## YOUR OBJECTIVE
Where the data below begins, start duplicating lines exactly, and finish with the line containing "Multicoloured knit dress, €550;"; add nothing else. Leave the pictures out.
== DATASET CONTENT ==
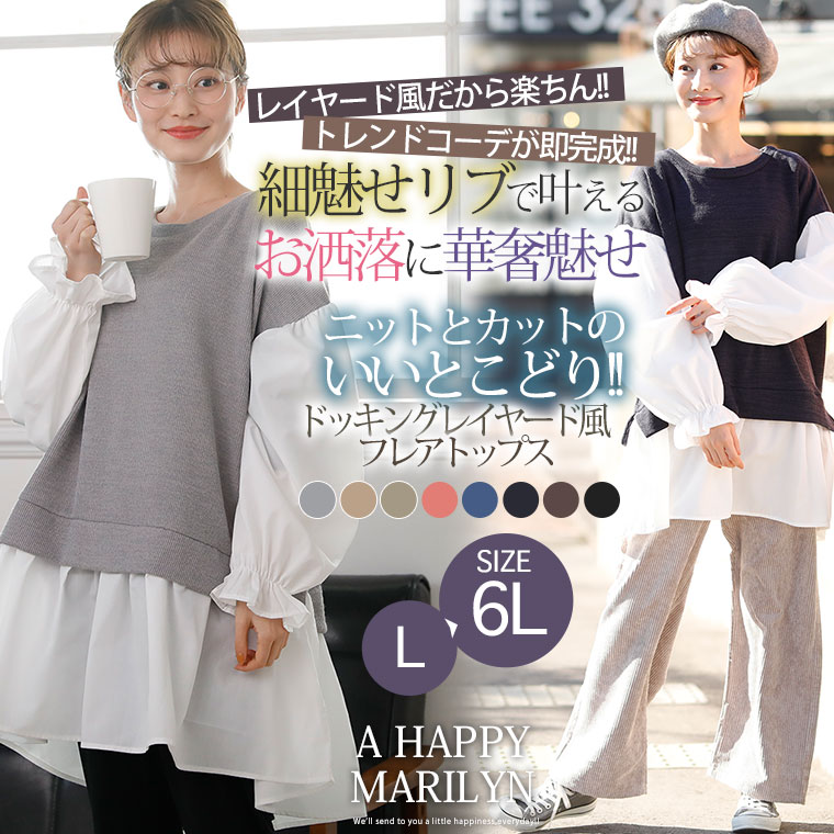 1枚で楽ちんお洒落!美人リブ細魅せドッキングフレアトップス
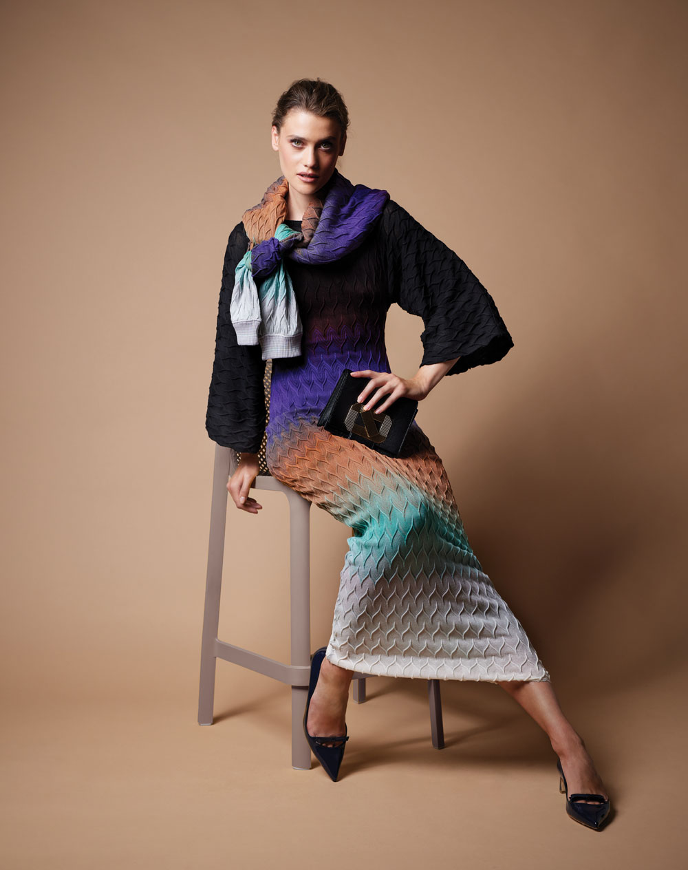 Multicoloured knit dress, €550; matching knit sweater, €485; black leather bag, €495; all Missoni; navy patent-leather shoes, €305, LK Bennett; all at KILDARE VILLAGE, Co Kildare; www.kildarevillage.ie. Faro resin stool, €96; www.pieces.ie.
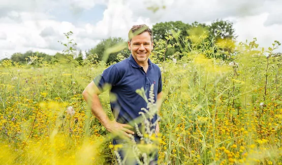 Die mittlere Fotoreihe ist direkt aus der Blumenwiese heraus aufgenommen, auf dem mittleren Bild sichtbar stolz Lewin Berner, unser geschäftsführender Gesellschafter.
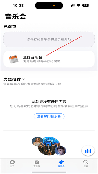 2、进入音乐会的页面内,点击查找音乐会的按钮。
===
## RESULT OF THIS TASK
 1枚で楽ちんお洒落!美人リブ細魅せドッキングフレアトップス
 Multicoloured knit dress, €550; matching knit sweater, €485; black leather bag, €495; all Missoni; navy patent-leather shoes, €305, LK Bennett; all at KILDARE VILLAGE, Co Kildare; www.kildarevillage.ie. Faro resin stool, €96; www.pieces.ie.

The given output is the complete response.